((

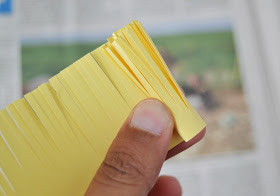 Step 6: Once you reach the point as shown in the picture above, it is time to make the center of the flower. For this take the leftover pieces (3" X 8") of the cardstock paper and make fringes for the center by cutting only 3/4 of the paper(lengthwise) in 3 to 4 mm width and leaving the remaining part to fold.
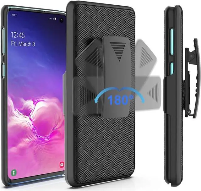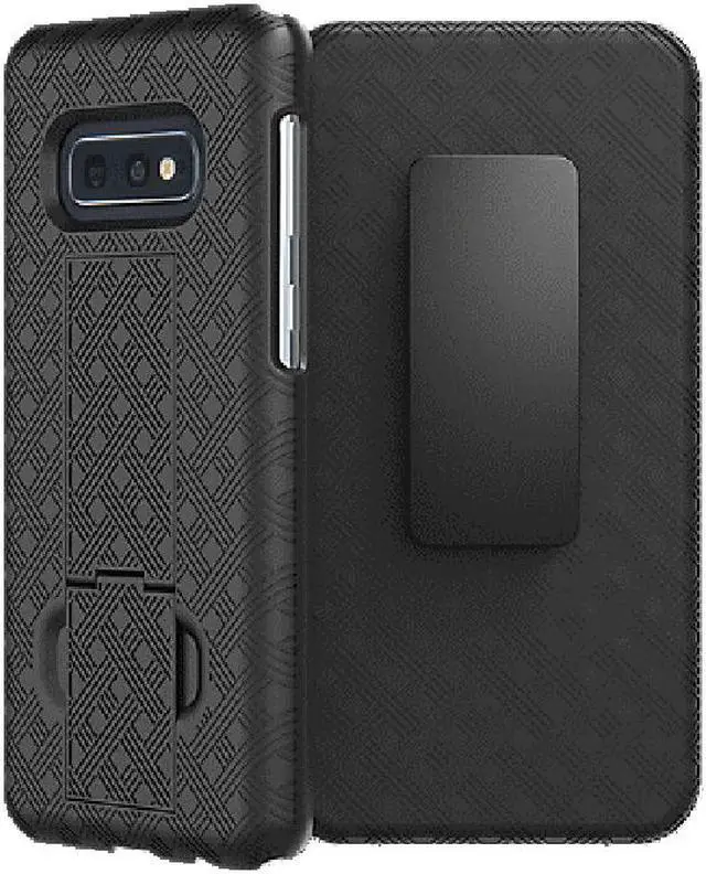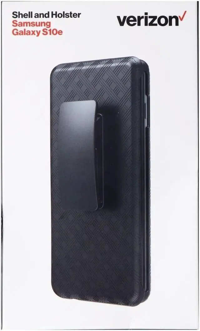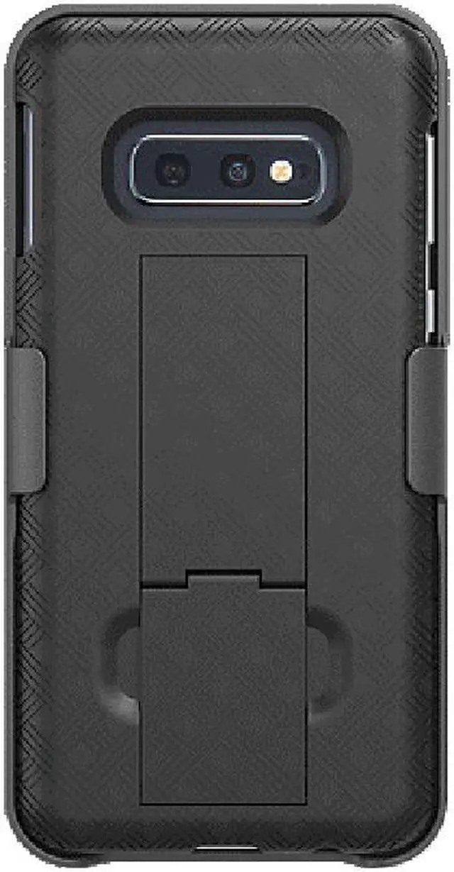 PRODUCT OVERVIEWThe Shell Holster Combo provides protection and convenience for your Samsung Galaxy S10e. Defend against scrapes, dirt, and daily wear and tear with the rubberized shell. Enjoy convenient portability using the holster. A pivoting 180-degree belt clip allows for a secure attachment and comfortable positioning. Clip it to your belt, purse strap or backpack. And get an extra-secure grip on your Galaxy S10e using the case's rubberized texture. KEY FEATURES2-in-1 carrying solutionPeace-of-mind protectionHandset accessibilityFixed 180-degree ratcheting belt clipDurable industrial-grade plasticBlack rubberized crisscross textureMicrosuede liningFoldout kickstand
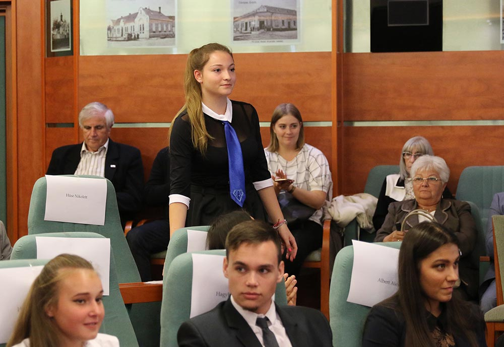 Lázár Evelin leköszönő diákpolgármester köszöntőjében kiemelte, hogy hasonló izgalommal várták egy évvel ezelőtt az eredményeket, miközben az akkor leköszönő Fodor Enikő szavait hallgatták. Azután pedig egy nagy IFÖ-s család tagjai lettek.
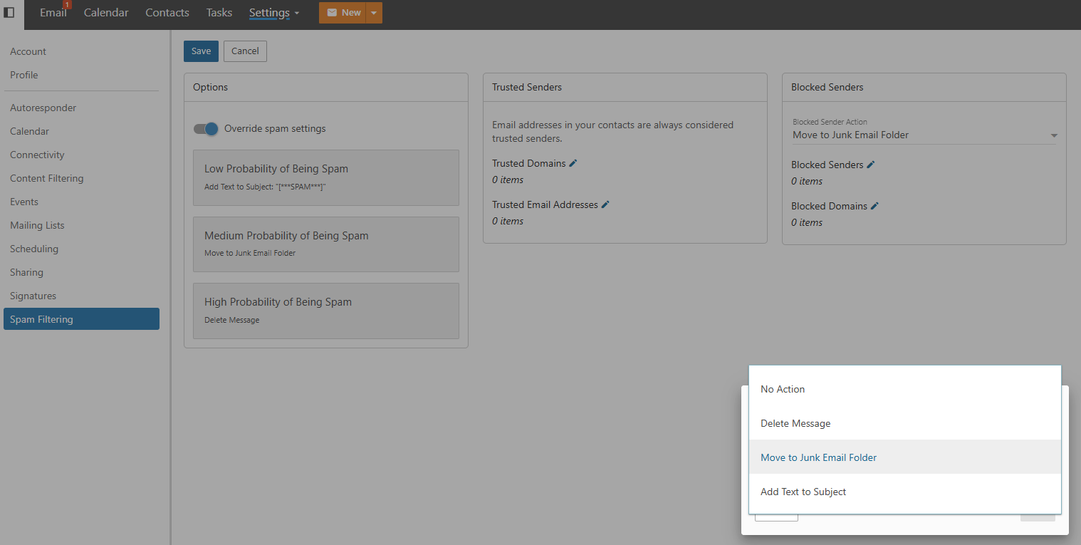 - Click on the Spam Filtering tab on the left.

))

EXERCISE DIRECTIONS —
Repeat every line above exactly, minus the pictures.

TASK RESULT —
 Step 6: Once you reach the point as shown in the picture above, it is time to make the center of the flower. For this take the leftover pieces (3" X 8") of the cardstock paper and make fringes for the center by cutting only 3/4 of the paper(lengthwise) in 3 to 4 mm width and leaving the remaining part to fold.
 PRODUCT OVERVIEWThe Shell Holster Combo provides protection and convenience for your Samsung Galaxy S10e. Defend against scrapes, dirt, and daily wear and tear with the rubberized shell. Enjoy convenient portability using the holster. A pivoting 180-degree belt clip allows for a secure attachment and comfortable positioning. Clip it to your belt, purse strap or backpack. And get an extra-secure grip on your Galaxy S10e using the case's rubberized texture. KEY FEATURES2-in-1 carrying solutionPeace-of-mind protectionHandset accessibilityFixed 180-degree ratcheting belt clipDurable industrial-grade plasticBlack rubberized crisscross textureMicrosuede liningFoldout kickstand
 Lázár Evelin leköszönő diákpolgármester köszöntőjében kiemelte, hogy hasonló izgalommal várták egy évvel ezelőtt az eredményeket, miközben az akkor leköszönő Fodor Enikő szavait hallgatták. Azután pedig egy nagy IFÖ-s család tagjai lettek.
 - Click on the Spam Filtering tab on the left.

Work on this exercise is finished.